Signs and Treatments For Adolescent Depression

Dr. Purushothaman
November 29, 2013

teenage depression

Up to 15% of children and adolescents have symptoms of depression at any given time, and 5% meet the criteria for major depressive disorder. Adolescent depression can be caused by hormonal changes or a chemical imbalance in the brain. It may have a genetic component, running in families for generations. It commonly occurs when triggered by stressful life events, such as a major loss or change. Losing someone to death or separation, changing homes or schools, divorce, physical or emotional abuse, teasing, bullying, rejection, and physical illness are common triggers to adolescent depression and its symptoms.

A common sign of adolescent depression is sadness. When this sadness lingers for an extended period of time it is cause for concern. If not properly addressed this sadness will affect relationships and the general life of the teenager. This includes poor school attendance, low grades, running away from home and resorting to alcohol and drugs in an attempt to eliminate the sadness. This sadness contributes to the teenager having difficulty sleeping, concentrating and becoming isolated.

Anger is another sign of adolescent depression. Depressed teenagers resort to anger, especially when they feel as if there is no one around to whom they can relate. The expression of this anger comes in more than one form. They may physically harm themselves or others, destroy property which may include kicking or punching objects. Anger in depressed teenagers may also take the form of verbal abuse, sarcasm or antisocial behavior.

Adolescent depression is treatable. Adolescent depression therapy has been found to be effective in helping children and adolescents overcome the symptoms of depression. With counseling, children and teens soon learn that their feelings can change. There is hope for their future. Life can and will get better. They discover that there are some things they can do to better cope with the problems they encounter. The can talk about their frustration, fears, pain, and anger. Getting help at an early onset of depression or while young can help prevent future problems and foster healthy growth and development that will carry on for a lifetime.

Some guidelines for adolescent depression:

Respond with kindness, support and encouragement.

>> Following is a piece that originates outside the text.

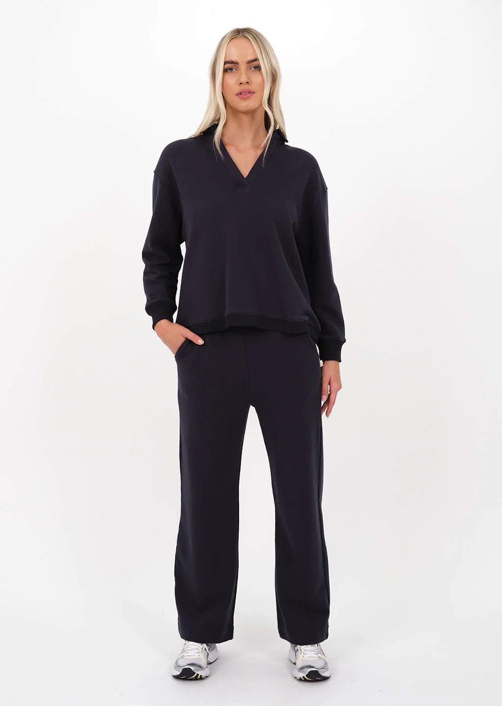 Discover the Titchie Mela Sweater - a must-have in cozy comfort. This long-sleeved sweater features a v neckline, easy fit, and plush French terry fabric for a soft feel inside and out.

Let the teen know you are there when they are ready to talk.

Check in with the teen often.


Do not criticize or pass judgment once the teen begins to talk.

Encourage, don't force, participation in groups/activities.

Help the teen recognize their own triggers to depression.

Teach coping skills to use when triggers of adolescent depression occur.

Do not lecture.

Do not try to talk them out of their feelings.

Be alert for signs of suicidal ideation. Always take any signs seriously.

Make sure the teen gets adequate exercise, sleep and a healthy diet.